Zhou Zheng-Song, Chen Xu-Miao, Zhang Hao-Yu, Wan Hong-Li, Zhao Jie-Yi, Zhang Tao, Wang Xiao-Yu

机构信息

Chengdu Jincheng College, Chengdu 611731, China.

West China School of Public Health and West China Fourth Hospital, Sichuan University, Chengdu 610041, China.

出版信息

Sichuan Da Xue Xue Bao Yi Xue Ban. 2022 Jan;53(1):114-120. doi: 10.12182/20220160302.

Abstract

OBJECTIVE

To examine the performance and application value of improved Unet network technology in the recognition and segmentation of hemorrhage regions in brain CT images.

METHODS

A total of 476 brain CT images of patients with spontaneous intracerebral hemorrhage (SICH) were retrospectively included. The improved Unet network was used to identify and segment the hemorrhage regions in the patients' brain CT images. The CT imaging data of the hemorrhage regions were manually labelled by clinicians. After randomized sorting, 430 data sets from 106 patients were selected for inclusion in the training set and 46 data sets from 11 patients were included in the test set. After data enhancement, the experimental data set underwent network training and model testing in order to assess the segmentation performance.

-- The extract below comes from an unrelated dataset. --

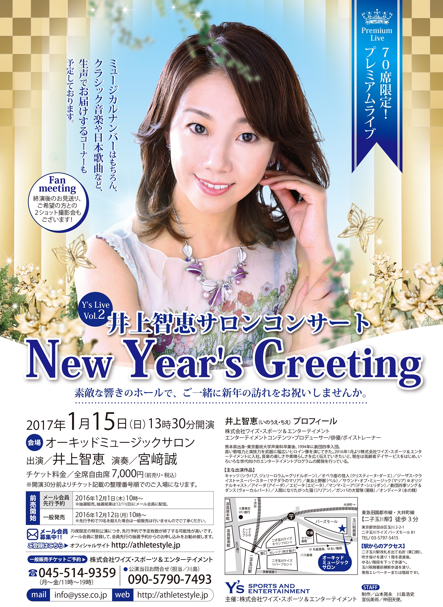 - >Y’s ライブ vol.8 井上智恵サロンコンサート「New Year’s Greeting」 公演決定!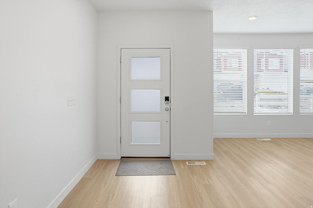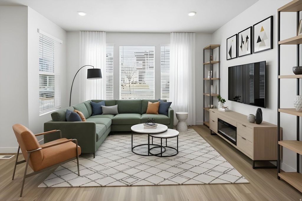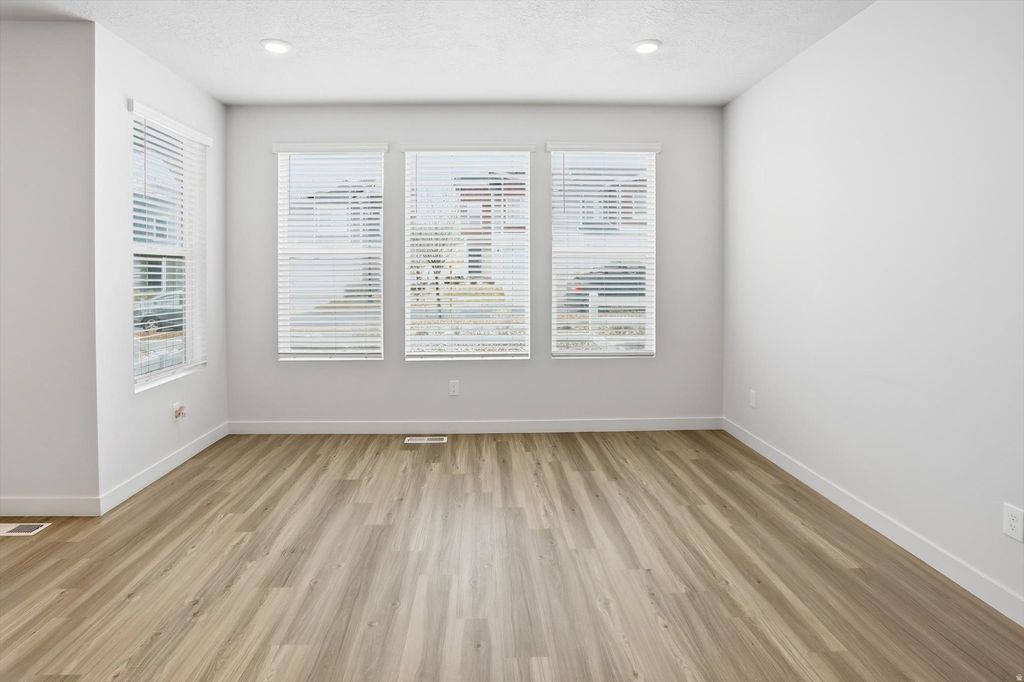 Why wait months for new construction just to move in and live without blinds for weeks and have buy a washer and drier? This spacious, like-new, move-in-ready townhome offers more square footage, a fully finished basement, and immediate occupancy-all at a price comparable to or better than many nearby new builds. Welcome to Sunflower Fields-where comfort, convenience, and recreation come together. Enjoy stunning valley and lake views as you arrive in this thoughtfully landscaped community, just minutes from Walmart, Smith's, Costco, restaurants, schools, and parks. With the Mountain View Corridor expansion and new road improvements recently completed, access to Salt Lake City and I-15 has never been easier! This home sits on the only street in the townhome section that allows on-street parking, a rare bonus for guests. The private, gated recreation area is now open and features pickleball courts, playgrounds, dog parks, plus a private lake and beach-all just a short stroll from your front door on the neighborhood's walking and biking paths. Another neighborhood park sits conveniently directly behind the townhome. Inside, large windows fill the open, modern layout with natural light. The kitchen flows seamlessly into the living area, making it ideal for entertaining or everyday living. Upstairs features a spacious primary suite, two additional bedrooms, a full bath, and a versatile den, office, or playroom. The fully finished basement adds exceptional flexibility and tons of space, with plush carpet and padding, a large open living space, walk-in closet, and huge full bathroom. Previously used as a second primary suite, it also makes an excellent home theater (projector outlet already installed), gym, playroom, or guest retreat. The additional finished square footage makes it hard to find another townhome with more square footage in the area! Unlike new construction, this home is truly move-in ready, complete with washer and dryer, window blinds, and finished spaces throughout-saving time, money, and hassle. Recently vacant, professionally cleaned, and ready for quick possession. Make this beautiful home yours today! And while we may not be able to compete with every builder incentive, **seller is offering 1/0 rate buydown with preferred lender - 4.981% first-year rate available.** Contact agent for details. Square footage figures are provided as a courtesy estimate only and were obtained from the same model properties. Buyer is advised to obtain an independent measurement.

The segmentation results were compared with the those of the Unet network (Base), FCN-8s network and Unet++ network.

RESULTS

In the segmentation of brain CT image hemorrhage region with the improved Unet network, the three evaluation indicators of Dice similarity coefficient, positive predictive value (PPV), and sensitivity coefficient (SC) reached 0.8738, 0.9011 and 0.8648, respectively, increasing by 8.80%, 7.14% and 8.96%, respectively, compared with those of FCN-8s, and increasing by 4.56%, 4.44% and 4.15%, respectively, compared with those of Unet network (Base). The improved Unet network also showed better segmentation performance than that of Unet++ network.

CONCLUSION

The improved method based on Unet network proposed in this report displayed good performance in the recognition and segmentation of hemorrhage regions in brain CT images, and is an appropriate method for the recognition and segmentation of hemorrhage regions in brain CT images, showing potential application value for assisting clinical decision-making and preventing early hematoma expansion.

摘要

目的

探讨改进的Unet网络技术在脑CT图像出血区域识别与分割中的性能及应用价值。

方法

回顾性纳入476例自发性脑出血(SICH)患者的脑CT图像。采用改进的Unet网络对患者脑CT图像中的出血区域进行识别和分割。出血区域的CT成像数据由临床医生手动标注。随机排序后,选取106例患者的430个数据集纳入训练集,11例患者的46个数据集纳入测试集。经过数据增强后,对实验数据集进行网络训练和模型测试,以评估分割性能。将分割结果与Unet网络(基础版)、FCN - 8s网络和Unet++网络的分割结果进行比较。

结果

在使用改进的Unet网络分割脑CT图像出血区域时,Dice相似系数、阳性预测值(PPV)和敏感系数(SC)这三个评估指标分别达到0.8738、0.9011和0.8648,与FCN - 8s相比,分别提高了8.80%、7.14%和8.96%,与Unet网络(基础版)相比,分别提高了4.56%、4.44%和4.15%。改进的Unet网络在分割性能上也优于Unet++网络。

结论

本报告提出的基于Unet网络的改进方法在脑CT图像出血区域的识别与分割中表现良好,是一种适用于脑CT图像出血区域识别与分割的方法,在辅助临床决策和预防早期血肿扩大方面显示出潜在的应用价值。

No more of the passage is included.